╔══

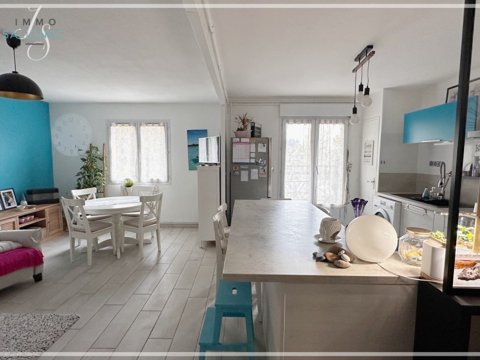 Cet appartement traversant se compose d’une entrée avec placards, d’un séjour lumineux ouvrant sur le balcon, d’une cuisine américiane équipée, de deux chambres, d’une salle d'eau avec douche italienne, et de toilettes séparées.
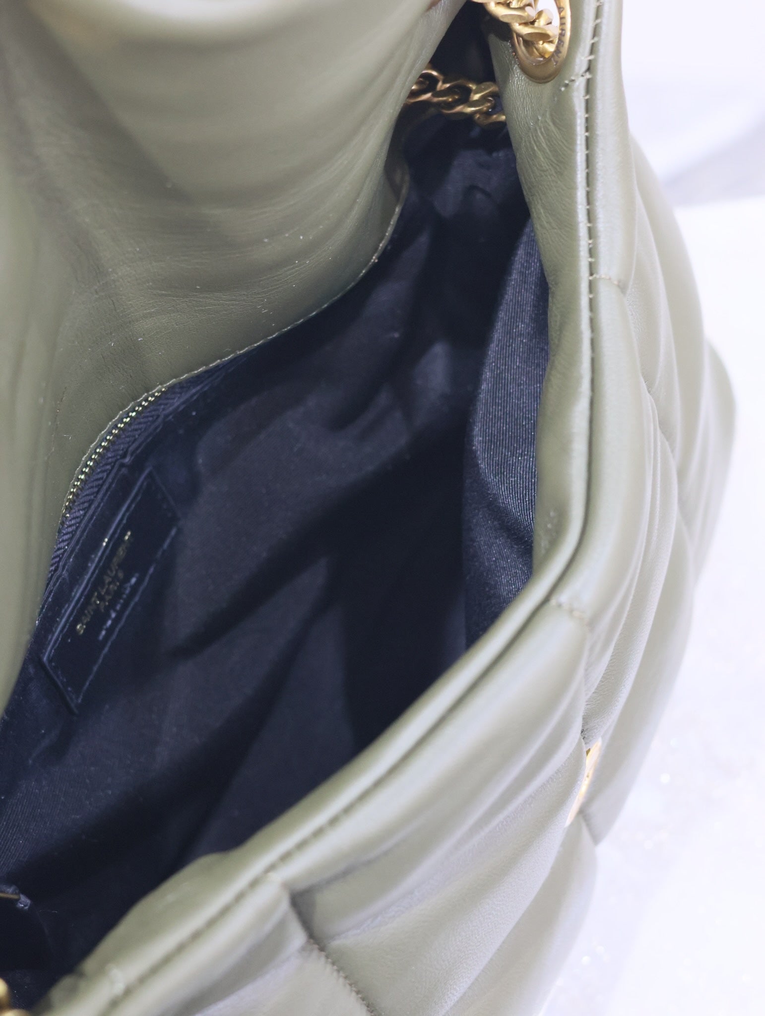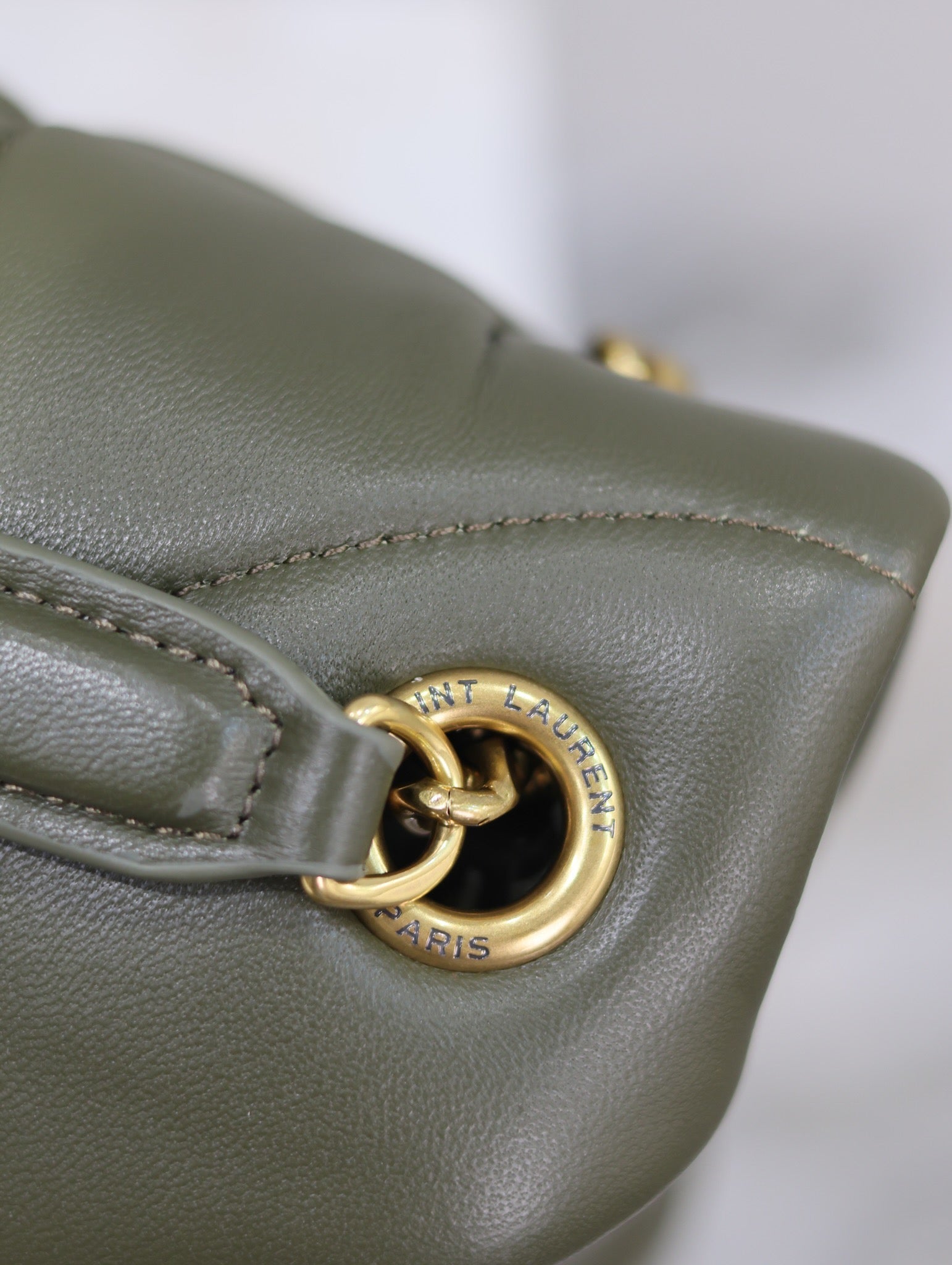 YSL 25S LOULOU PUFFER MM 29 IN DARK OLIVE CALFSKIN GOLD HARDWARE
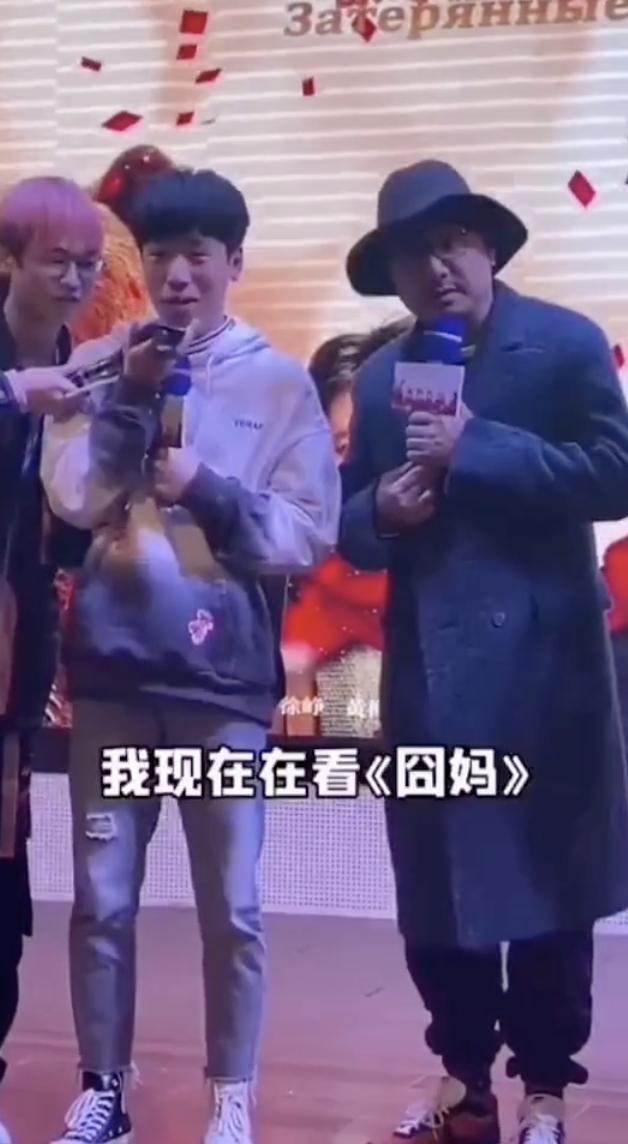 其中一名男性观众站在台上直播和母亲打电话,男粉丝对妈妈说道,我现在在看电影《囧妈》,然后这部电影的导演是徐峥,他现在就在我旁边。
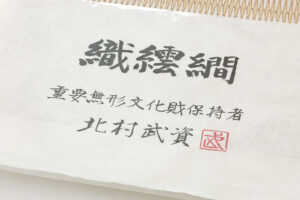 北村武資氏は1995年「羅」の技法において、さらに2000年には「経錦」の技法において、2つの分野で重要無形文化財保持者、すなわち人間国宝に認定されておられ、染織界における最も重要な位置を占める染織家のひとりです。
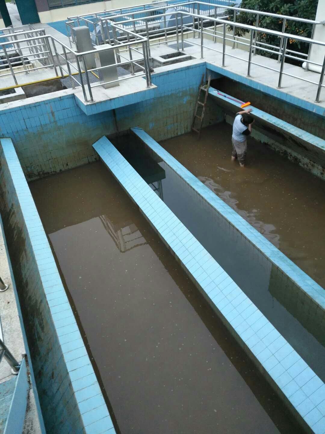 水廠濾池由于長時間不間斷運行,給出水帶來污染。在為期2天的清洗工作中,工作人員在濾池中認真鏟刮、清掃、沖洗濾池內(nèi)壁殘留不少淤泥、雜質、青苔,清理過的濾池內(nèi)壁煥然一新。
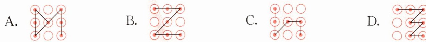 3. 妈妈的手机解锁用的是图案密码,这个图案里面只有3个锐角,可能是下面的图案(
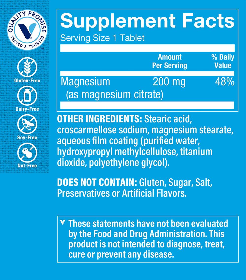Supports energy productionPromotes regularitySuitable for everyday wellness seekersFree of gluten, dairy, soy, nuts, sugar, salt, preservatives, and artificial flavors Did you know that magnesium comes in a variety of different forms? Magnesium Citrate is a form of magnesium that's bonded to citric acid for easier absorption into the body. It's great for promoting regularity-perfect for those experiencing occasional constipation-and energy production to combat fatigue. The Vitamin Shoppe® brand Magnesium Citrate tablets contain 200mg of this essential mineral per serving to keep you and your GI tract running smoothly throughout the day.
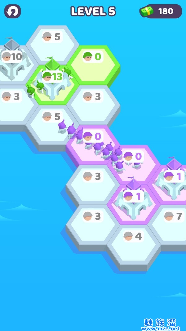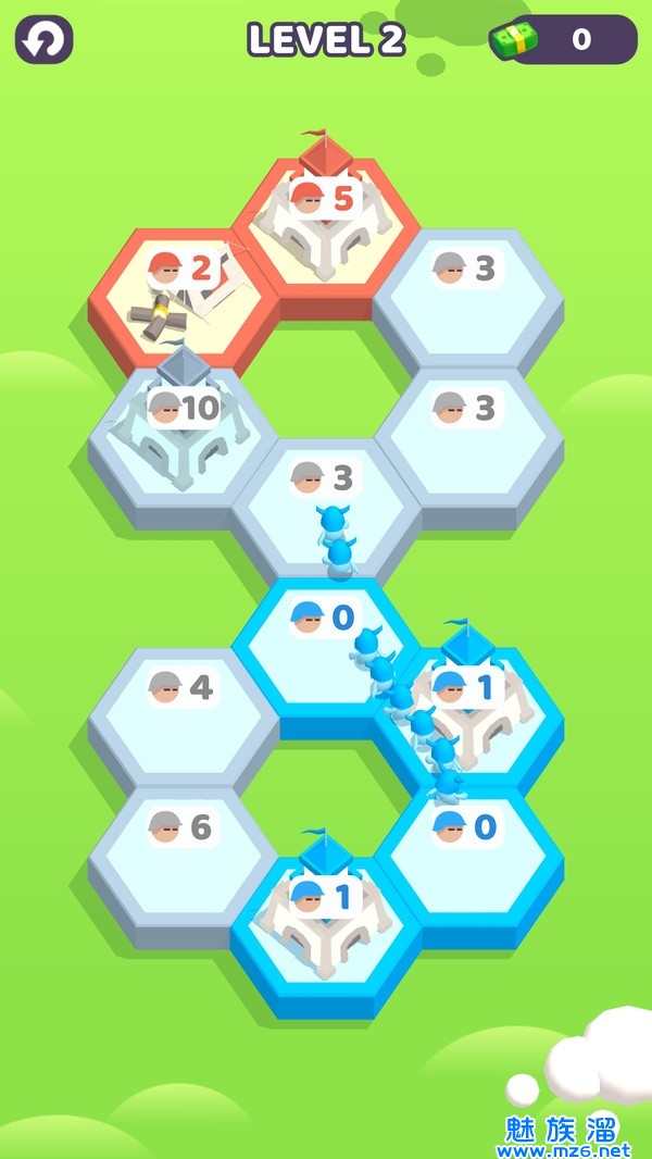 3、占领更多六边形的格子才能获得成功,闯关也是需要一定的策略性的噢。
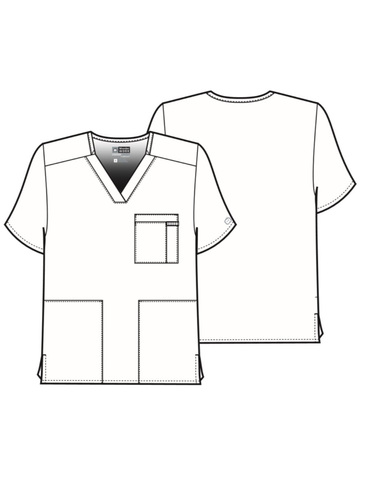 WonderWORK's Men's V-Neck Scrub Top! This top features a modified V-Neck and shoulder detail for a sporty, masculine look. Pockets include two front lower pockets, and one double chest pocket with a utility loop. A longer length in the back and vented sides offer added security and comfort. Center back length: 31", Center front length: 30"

╚══

TRY IT: Your reply is the full set of entries reproduced exactly, with images omitted.

EXERCISE ANSWER:
 Cet appartement traversant se compose d’une entrée avec placards, d’un séjour lumineux ouvrant sur le balcon, d’une cuisine américiane équipée, de deux chambres, d’une salle d'eau avec douche italienne, et de toilettes séparées.
 YSL 25S LOULOU PUFFER MM 29 IN DARK OLIVE CALFSKIN GOLD HARDWARE
 其中一名男性观众站在台上直播和母亲打电话,男粉丝对妈妈说道,我现在在看电影《囧妈》,然后这部电影的导演是徐峥,他现在就在我旁边。
 北村武資氏は1995年「羅」の技法において、さらに2000年には「経錦」の技法において、2つの分野で重要無形文化財保持者、すなわち人間国宝に認定されておられ、染織界における最も重要な位置を占める染織家のひとりです。
 水廠濾池由于長時間不間斷運行,給出水帶來污染。在為期2天的清洗工作中,工作人員在濾池中認真鏟刮、清掃、沖洗濾池內(nèi)壁殘留不少淤泥、雜質、青苔,清理過的濾池內(nèi)壁煥然一新。
 3. 妈妈的手机解锁用的是图案密码,这个图案里面只有3个锐角,可能是下面的图案(
Supports energy productionPromotes regularitySuitable for everyday wellness seekersFree of gluten, dairy, soy, nuts, sugar, salt, preservatives, and artificial flavors Did you know that magnesium comes in a variety of different forms? Magnesium Citrate is a form of magnesium that's bonded to citric acid for easier absorption into the body. It's great for promoting regularity-perfect for those experiencing occasional constipation-and energy production to combat fatigue. The Vitamin Shoppe® brand Magnesium Citrate tablets contain 200mg of this essential mineral per serving to keep you and your GI tract running smoothly throughout the day.
 3、占领更多六边形的格子才能获得成功,闯关也是需要一定的策略性的噢。
 WonderWORK's Men's V-Neck Scrub Top! This top features a modified V-Neck and shoulder detail for a sporty, masculine look. Pockets include two front lower pockets, and one double chest pocket with a utility loop. A longer length in the back and vented sides offer added security and comfort. Center back length: 31", Center front length: 30"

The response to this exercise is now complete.